Loin de l'optimisme parfois béat des ministères ou de la retenue sans doute circonstanciée des professionnels présents sur le terrain, Jacques Donzelot démonte la rénovation urbaine pratiquée actuellement en France. Le caractère brutal de ces opérations ajouté à une mauvaise information expliqueraient la montée d'une fronde contre la rénovation urbaine et les réactions hostiles des habitants, ces mêmes habitants qui sont chassés pour une destination qu'ils n'ont pu choisir. L'Agence Nationale pour la Rénovation Urbaine (ANRU) est également pointée du doigt, accusée de s'accomoder du simulacre de concertation qui entoure les opérations qu'elle finance, sa préoccupation portant davantage sur le nombre de logements détruits.
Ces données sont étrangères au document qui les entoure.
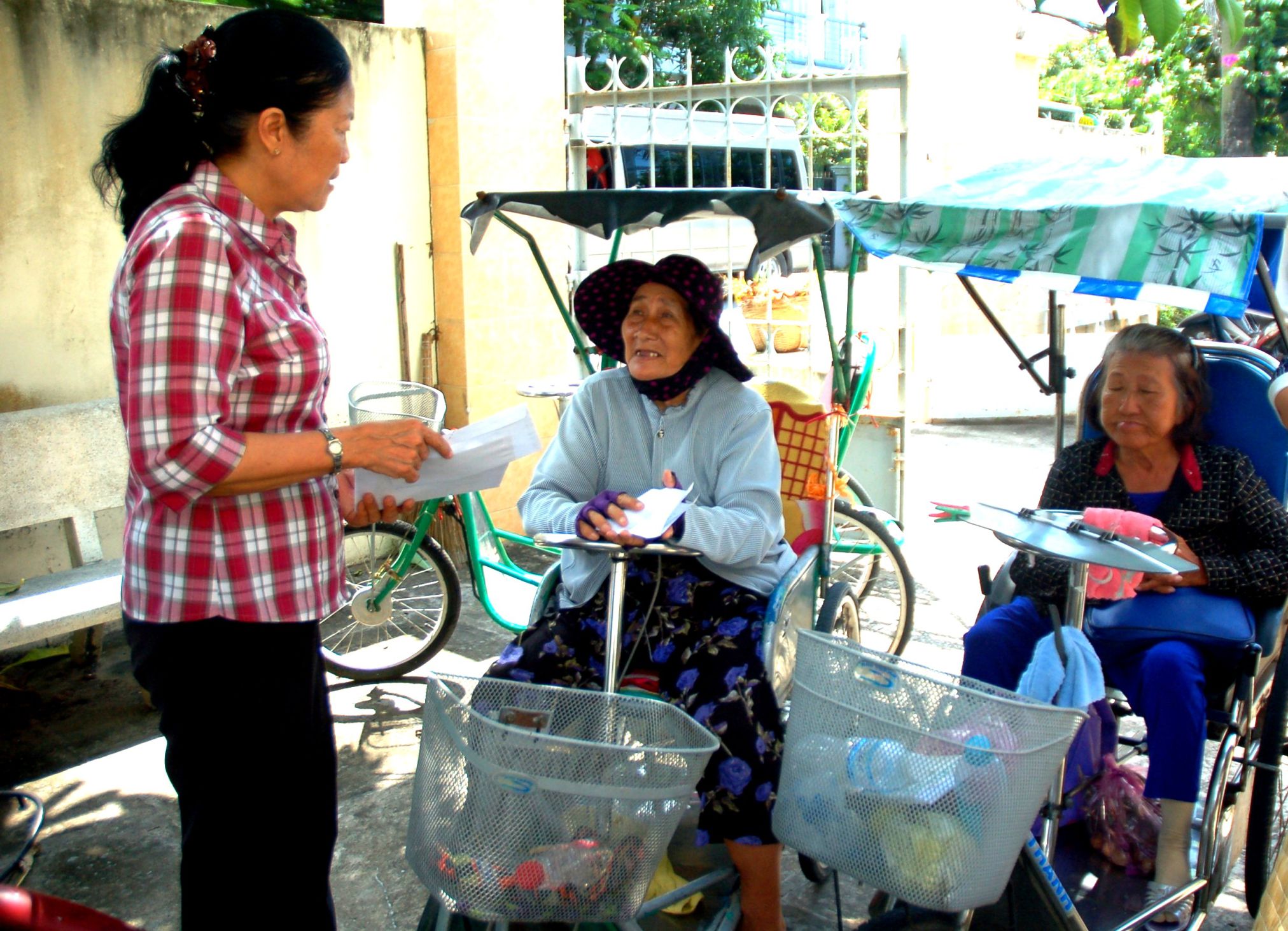 Bà Dương Thị Lệ, Chủ tịch Hội NNCĐDC/dioxin tỉnh Tiền Giang thăm hỏi, tặng quà cho nạn nhân

Toujours dans son objectif de créer des "opportunités", Jacques Donzelot estime qu'il faut profiter de ces opérations pour élever la capacité de pouvoir de ces habitants. Les gens doivent avoir la sensation qu'ils peuvent maîtriser le cours de leur vie! Le temps limité dans lequel l'ANRU inscrit ses financements créé une sorte d'urgence qui justifie le seul exercice d'une consultation très minimale. Et puis lorsqu'on demande aux gens ce qu'ils veulent, ils répondent majoritairement qu'ils souhaitent rester dans le même quartier, dans un logement plus confortable. Les élus se disent, à quoi bon alors s'engager dans des opérations si onéreuses si ce n'est que pour changer les murs alors que pour eux, l'objectif, c'est davantage de mixité? Il existe donc une contradiction assez nette entre la position des habitants et l'urgence des opérations, instrumentalisée par les élus pour limiter les temps de concertation et poursuivre, sur fond d'incantation, l'objectif de mixité sociale. Le sociologue estime que l'échelle du quartier peut être une base intéressante de réflexion. Il prend un autre exemple nord-américain en évoquant les Communities Development Corporations, structures associatives composées d'habitants regroupés en quartiers, qui louent des services d'équipes techniques (urbanistes, paysagistes...), élaborent des projets et les négocient avec la municipalité. Ce sont en quelque sorte des ateliers d'urbanisme de quartier. On est bien loin de l'intervention centralisatrice que l'on a en France!

 

 

Des solutions à trouver au niveau de l'agglomération.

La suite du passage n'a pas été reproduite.